Background: HIV still causes high morbidity in the era of highly active antiretroviral therapy (HAART). Despite scaling up of HIV and treatment services to improve the outcome of people living with HIV/AIDS, there is still a high proportion of individuals who seek out medical attention in late stages of the disease. This phenomenon contributes to late initiation of ART and poor clinical outcome especially in sub Saharan Africa. The magnitude of this problem and risk factors is not known in Tanzania. This study was designed to describe the prevalence of late HIV diagnosis and its risk factors in western rural Tanzania.

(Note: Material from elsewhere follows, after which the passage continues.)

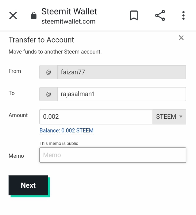 - Aftet clicking on transfer option, a "tranfer to account" box appeared in which, I mentioned the ID of that user whom I want to transfer the Steem token.

Methods: This was a cross sectional based cohort study, involving newly diagnosed adult HIV patients sent in for care and treatment linkage. Data of interest including age, sex, WHO stage, stage of opportunistic infection on diagnosis, mode of diagnosis and CD4 were all recorded and analyzed using STATA version 11.2. Patients with on diagnosis CD4<200 cells/µl were considered having late HIV diagnosis. The proportion of patients with late HIV diagnosis was calculated and logistic regression modal was used to determine the degree of association of different variable at 95%CI.

Results: A total of 649 patients were included in this study with a median age of 45.5 (22-71) years whereby most of them 396 (61.02%) were females. Majority of our study participants, 468 (72.11%) were in WHO clinical stage 3&4. About 385 (59.32%) of the patients had late HIV diagnosis, of whom 303 (78.70) had WHO clinical stage 3&4 defining illnesses on diagnosis, and these were predominantly male patients (OR=1.4, p=0.035), who were most likely to be diagnosed through provider initiated testing and counseling (OR=03, p=0.001).

Conclusion: The magnitude of patients with late HIV diagnosis is significantly big in western rural part of Tanzania with attendant high prevalence of most stage 3&4 AIDS defining illnesses. Male participants seem to be predominantly affected as late presenters.